Wikipedia has frequency lists for some languages, e. g. English and German. Some good search terms for scientific articles are lexicostatistics, linguostatistics, quantitative linguistics, corpus linguistics, Basic English, frequency dictionary. If you can read German, works (published) by Reinhard Köhler and Gabriel Altmann are a good source for quantitative linguistics, e.g. the series Glottometrics.
Always inspired by you Dawn. I was waiting for this article, and here it is. While developing my Hindi course, I have tried to keep in mind your guidelines, and it will be more optimized with time, actually, a lot of content were pre-made so did a lot of changes recently in January to my course, to count more frequency words.
It’s sad to see lots of languages learning programs/apps/websites with so many resources but very few or none of them are much prepared in frequency based. Even me I was more working in how to deliver lessons or information interactively, but until you came into, I was not aware of what to deliver interactively, so, I felt it would insensitive as language content producer. I am totally open to the changes and development of Hindi learning content in this way. I am so wanting to work with you in 10X Languages in a year project.
Meanwhile, wondering how we can get or create Hindi frequency words. Couldn’t get any in my hands yet.
Some people have a wonderful ease picking up languages! They can learn language almost any way it is served up. 1000 words is a taster, the point is being able to quickly move through a selection of languages and the point is to build a ‘core’ — just a starting point. Reading newspapers takes around 5000 words and you’ll still be looking up words. But if deep learning is your goal, you could still benefit from tackling the front of the word frequency curve and moving through it in order. Especially if lists were freely available matched to lots of interesting content.

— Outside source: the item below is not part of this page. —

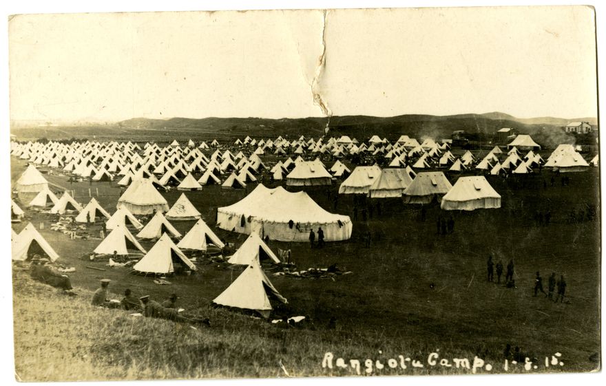Postcard announcing a soldier's arrival at the Rangiotu Camp. The date could be 1 August, 1915 or 1 August, 1918.

Anil – always ready to work with you. I since used this method to get reading Portuguese in a week (with help) and have made my first Hindi spreadsheet! Since I learned Hindi from Bollywood I have a vocabulary of low frequency words and so can’t say anything. But I know some simple things like ‘my name is’ and ‘what is this’ so now I need to fill in the gaps! Working on more articles.
As for frequency lists, I hope to write more on that in the future. I have started with COCA after looking around, but more on that in future articles – and why frequency is context-dependent!